Some practical recommendations that are often useful in production analyses:

  • Start with the default bin_slop. If you need to verify numerical stability, reduce it (e.g. by a factor of 2) and check whether your science vector shifts.

  • For three-point calculations, prefer bin_type='LogSAS' with the default multipole algorithm for speed, unless you specifically need LogRUV.

  • Use patches early if you will need covariance estimates. This avoids re-running the full correlation later to get jackknife/bootstrap covariances.

  • For patch-based covariance, use jackknife with cross_patch_weight='match' for the best accuracy in most cases; use bootstrap/'geom' mainly as a cross-check.

    Important

    This is not currently the default. To avoid backwards incompatibility, you must set cross_patch_weight='match' explicitly.
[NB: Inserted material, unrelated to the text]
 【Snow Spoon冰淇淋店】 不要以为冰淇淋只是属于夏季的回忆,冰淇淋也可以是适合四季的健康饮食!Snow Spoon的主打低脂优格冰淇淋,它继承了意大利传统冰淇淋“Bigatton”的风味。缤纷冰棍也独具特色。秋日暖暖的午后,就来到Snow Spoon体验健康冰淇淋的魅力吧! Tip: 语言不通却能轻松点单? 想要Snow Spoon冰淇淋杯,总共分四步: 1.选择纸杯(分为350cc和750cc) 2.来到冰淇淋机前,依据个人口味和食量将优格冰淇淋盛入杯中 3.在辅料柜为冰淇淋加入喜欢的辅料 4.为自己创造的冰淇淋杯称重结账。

The default value, 'simple', is probably less accurate in most cases, but matches the behavior of TreeCorr prior to version 5.1.
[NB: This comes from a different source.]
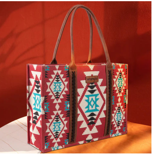 WRANGLER SOUTHWESTERN Wide Tote ~ BURGUNDY
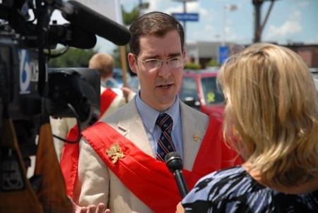 The TFP campaign was very visible. We have a large banner and it reads: "May God protect America from socialism." Smaller posters invite passing vehicles to "Honk for true freedom from socialism." So, as you can imagine, what typically happens is this: as soon as the traffic light turns green a symphonic erruption of honking horns begins. Then there is our bagpiper playing patriotic music which attracts yet further attention. That explains why a news crew with Channel 6 that happened to be driving by pulled over and filmed the campaign. I'm pretty sure they showed a segment of our campaign on the 5 or 6 oclock news.

  • For large jobs, use low_mem=True in process calls and use patches to reduce peak memory usage.

  • For OpenMP runs, set num_threads explicitly in configs when running on shared systems, so results are reproducible and resource usage is controlled.

See Binning, Binning for three-point correlations, Patches, and Covariance Estimates for full details.

Common pitfalls

Some common issues that can silently cause errors in the correlations:

  • Mixed coordinate conventions: ensure ra_units/dec_units are set correctly, and check sign conventions (flip_g1/flip_g2 when needed).

  • Missing or mismatched random catalogs for NN/NNN: random catalogs should follow the same survey geometry/masks as the corresponding data catalogs.

  • Inconsistent patch definitions across cross-correlated catalogs: use shared patch_centers rather than separate npatch runs for each catalog.

  • Interpreting varxi as total uncertainty by default: shot-noise-only variances can underestimate errors at large scales; prefer patch-based covariances when possible.

Manually accumulating the correlation function

For even more control over the calculation, you can break up the steps in the process functions. There are typically three steps:

  1. Calculate the variance of the field as needed (i.e. for anything but NN correlations).

  2. Accumulate the correlations into the bins for each auto-correlation and cross-correlation desired.

  3. Finalize the calculation.

If you have several pairs of catalogs that you want to accumulate into a single correlation function, you could write the following:

lens_cats = [ treecorr.Catalog(f,config) for f in lens_files ]
source_cats = [ treecorr.Catalog(f,config) for f in source_files ]
ng = treecorr.NGCorrelation(config)
varg = treecorr.calculateVarG(source_cats)
for c1, c2 in zip(lens_cats, source_cats):
    ng.process_cross(c1,c2)
ng.finalize(varg)

In addition to process_cross, classes that allow auto-correlations have a process_auto method for manually processing auto-correlations. See the docstrings for these methods for more information.

Breaking up the calculation manually like this is probably not often necessary anymore. It used to be useful for dividing a calculation among several machines, which would each save their results to disk. These results could then be reassembled and finalized after all the results were finished.

However, this work mode is now incorporated directly into TreeCorr via the use of “patches”. See Patches for details about how to automatically divide up your input catalog into patches and to farm the calculation out to multiple machines using MPI.